[Exercise materials — start]

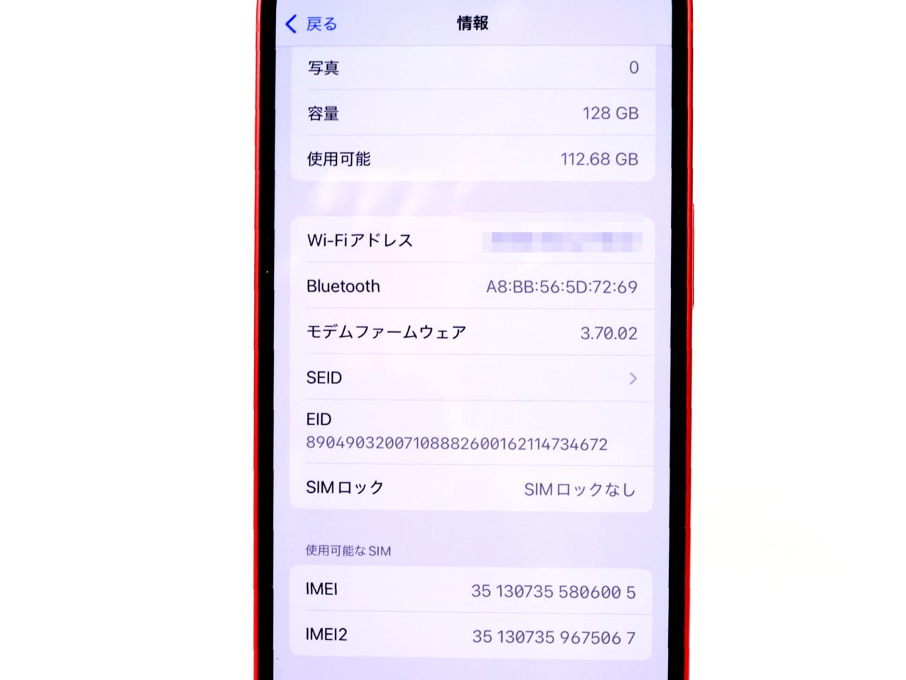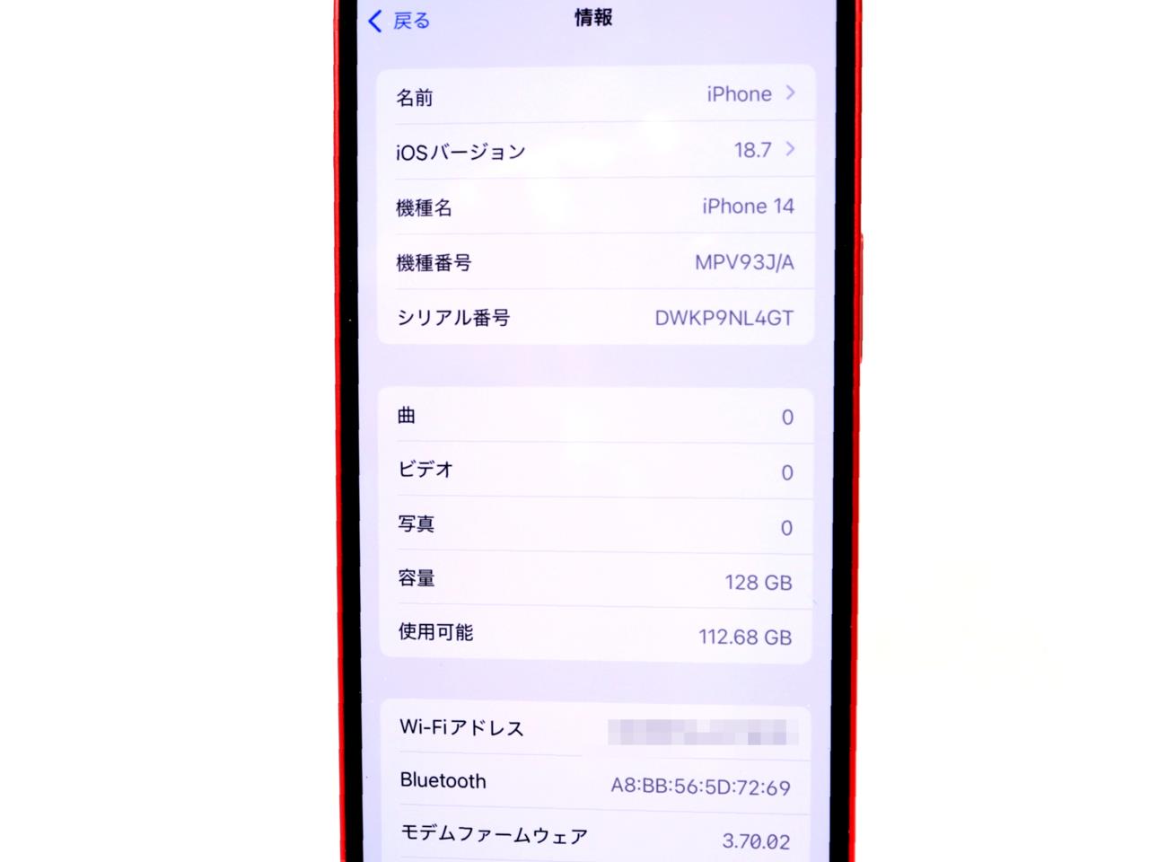 APPLE [USED]u058820 iPhone14 128GB SIMフリー [レッド] の 商品仕様:
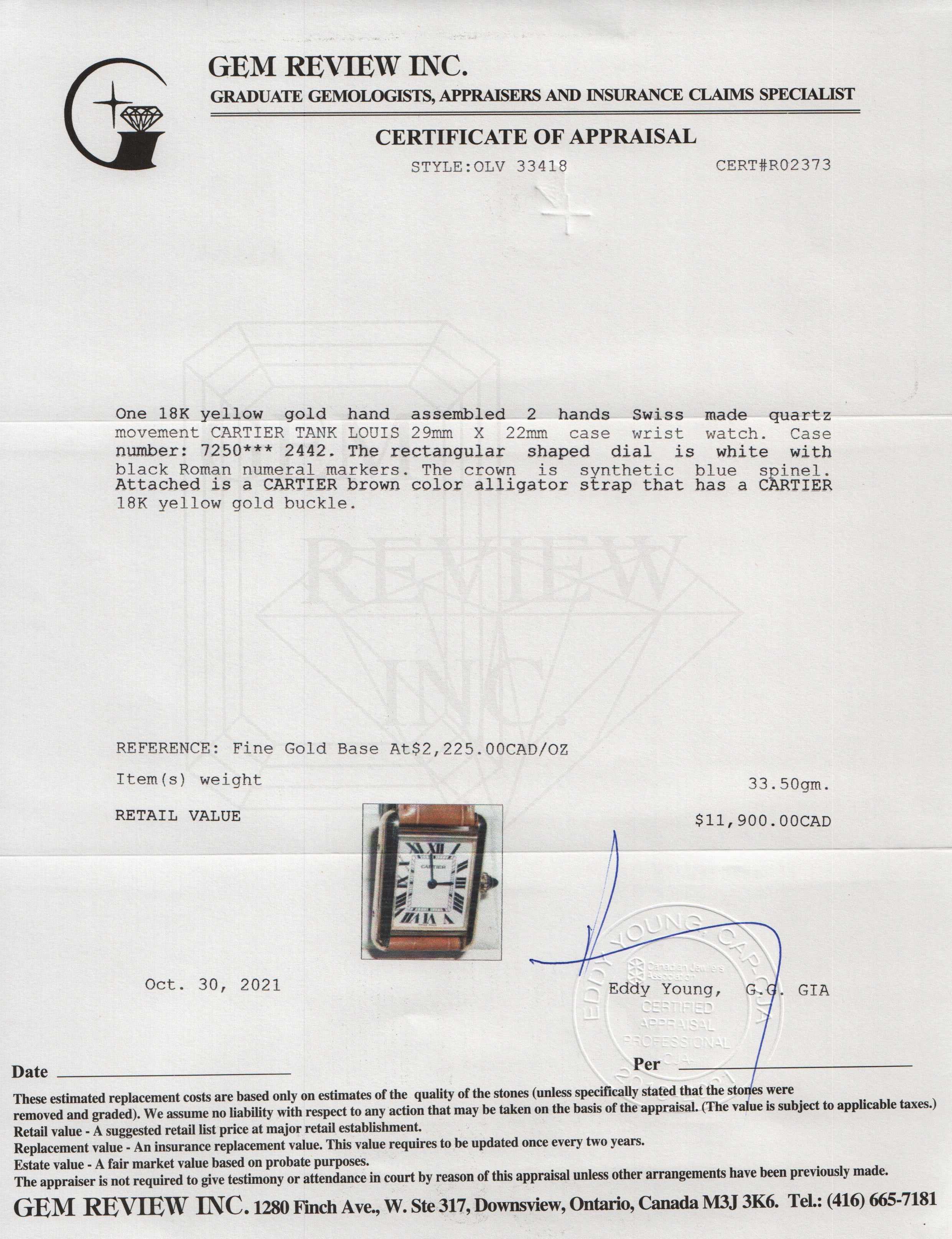 Included Items: Original Cartier Booklets & Certs and Gem Review Appraisal
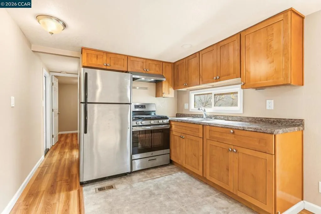 Check out this incredibly budget-friendly, move-in ready home in downtown San Leandro. Offering simple, low-maintenance living, this space is clean, functional, and updated with practical touches throughout. The bright, straightforward floor plan features durable, easy-to-clean laminate flooring in the main living areas. You’ll appreciate the highly functional kitchen, which comes equipped with an impressive suite of stainless steel appliances (gas range, refrigerator, and hood), along with warm wood shaker style cabinetry and solid surface countertop. The bathroom has also been renovated, featuring clean tile work, walk in shower and modern fixtures. Additional perks include mirrored closet doors, a frosted glass entry door and a rare private, enclosed backyard perfect for a mini shade garden. Located on a tree-lined lot, this home is ideally situated near BART, shopping, and public transportation, with quick access to Highways 580 and 880 for a super easy commute. This is the perfect, no-nonsense opportunity to own your own updated space for a fraction of what you'd expect to pay in the East Bay Fireplaces: NO
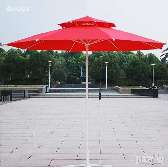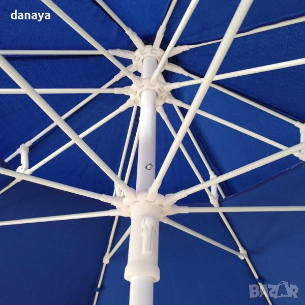 Голям и качествен градински чадър, който може да се използва и на плажа. Здрава и плътна промазана материя, защитава от UV лъчите. Идеален за двор, градина, къмпинг, плаж. Силният метален прът прави чадъра много стабилен и издръжлив. Двойният покрив осигурява стабилност на чадъра при вятър, също така позволява циркулация на въздуха в горещите дни. Разпъването става много лесно и бързо, с ръчен механизъм. Горната част на чадъра е с размер от 2.5 м. Плажният чадър е с бяло прахово покритие, здрави ребра, 170T полиестерна тъкан, калъф за носене. В горещите периоди или в дните с прекалено много слънце е добре дошло малко отдих на сянка. Изберете прибиращ се чадър за терасата, който ще ви осигури комфорт в горещите дни.
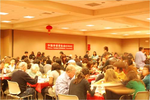 晚上七点,在装饰一新、年味浓浓的中阿肯色大学学生活动中心大厅,热闹的年夜饭正式开席,美国教师和学生与中国留学生一起兴致勃勃地品尝各式中餐美味。几十种传统的中华美食让大家应接不暇,大厅里一时人声鼎沸、热闹非凡。其间,组织方还精心地为大家准备了抽红包、猜谜语、踩气球等有趣的游戏;更令人惊喜的是中阿肯色大学的中文歌曲明星,美国学生David Teaster带来了他特别为中国新春准备的歌曲《简单爱》和《月亮代表我的心》,他自弹自唱,发音清晰地道、台风活泼稳健,掌声迭起。年夜饭活动让师生们玩得开心、惊喜连连,热热闹闹地过新年。
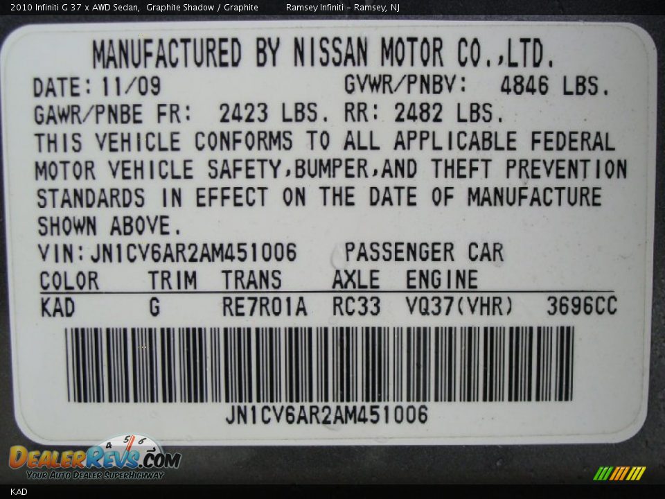 Infiniti Color Code KAD Graphite Shadow | DealerRevs.com
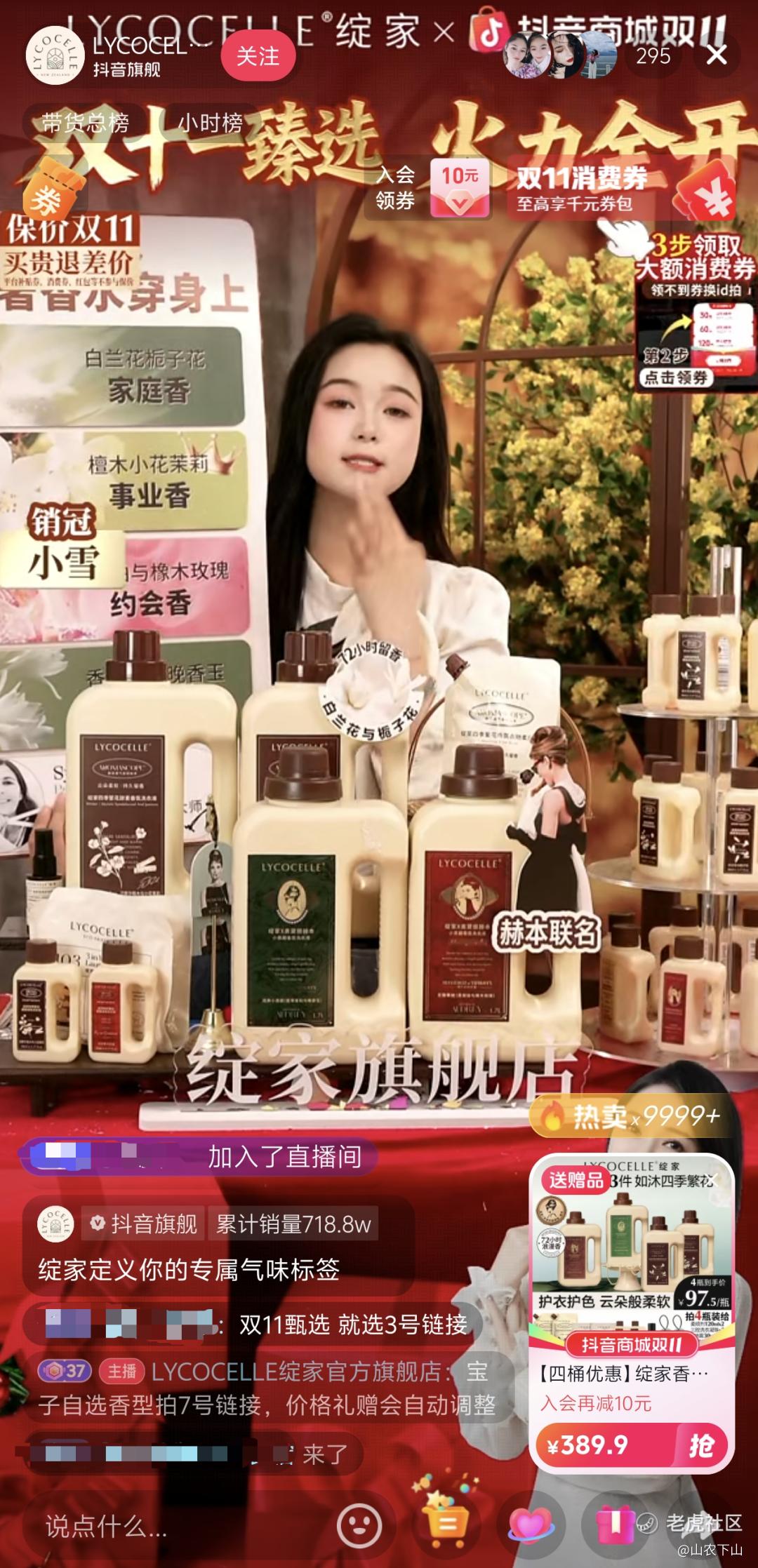 今年抖音电商双11大促期间,绽家抖音官方旗舰店的业绩创下了新高,单场GMV相比平时实现翻倍。

[Exercise materials — finish]

# Your assignment
Repeat verbatim the lines between the start of the data and the line containing "Included Items: Original", both ends included, omitting all pictures.

# Answer for the task
 APPLE [USED]u058820 iPhone14 128GB SIMフリー [レッド] の 商品仕様:
 Included Items: Original Cartier Booklets & Certs and Gem Review Appraisal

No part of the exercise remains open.